Question 4 True / False
Most four branches of electroanalytical chemistry require the analyte to be oxidized or reduced at an electrode surface to generate the analytical signal.
TTrue
FFalse
Answer: False
Potentiometry and conductometry are non-faradaic methods — they do not require or involve electrode reactions. Potentiometry measures the equilibrium potential that develops across a selective membrane based on the chemical activity of the target ion, with no current flowing. Conductometry measures the ability of the solution to conduct an AC current, which depends on ion mobility and concentration, not on any redox chemistry. Only voltammetry and coulometry are faradaic methods that rely on electron transfer at an electrode. Confusing all electroanalytical methods with redox reactions is one of the most common conceptual errors in this area.
Question 5 Short Answer
A researcher needs to determine the concentration of fluoride (F⁻) in a complex environmental sample containing many other ions (Na⁺, Cl⁻, SO₄²⁻, Ca²⁺, etc.). Explain why potentiometry with a fluoride-selective electrode is more appropriate than conductometry for this task.

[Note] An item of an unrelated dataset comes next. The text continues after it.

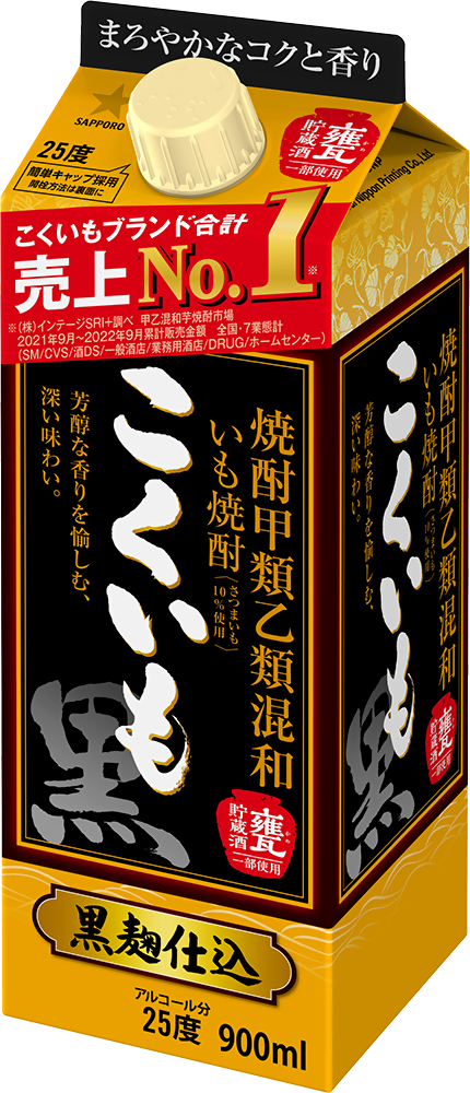 「甲乙混和芋焼酎 こくいも 25度」は、甕(かめ)貯蔵酒を一部使用した黒麹仕込本格芋焼酎と、クリアな味わいの甲類焼酎を絶妙なバランスでブレンドした、まろやかな芋の風味とすっきりとした飲み飽きない味わいが特長です。

Think about your answer, then reveal below.
Model answer: Conductometry measures the total ionic conductance of the solution — the combined contribution of all ions present, weighted by their concentration and mobility. In a complex matrix containing many ions, a change in F⁻ concentration would produce a negligible change in total conductance that could not be distinguished from changes in the other ionic species. Conductometry therefore cannot selectively detect F⁻ in the presence of a background of other ions at similar or higher concentrations. A fluoride-selective electrode (a lanthanum fluoride crystal membrane) responds specifically to fluoride ion activity with very little response to most other common anions, generating a voltage that varies logarithmically with fluoride activity according to the Nernst equation. This selectivity arises from the crystal structure of the membrane, which admits only F⁻ at its surface. The measurement is thus resistant to interference from the complex matrix, providing the ion-specific information that conductometry cannot.
The core principle is that potentiometry's selectivity comes from the electrode membrane, which acts as a chemical filter — responding to one ion while ignoring others. Conductometry has no such filter and cannot distinguish among ionic species. Matching the right electroanalytical technique to the analytical question (here: selective single-ion measurement in a complex matrix) is the practical skill that this overview is designed to build.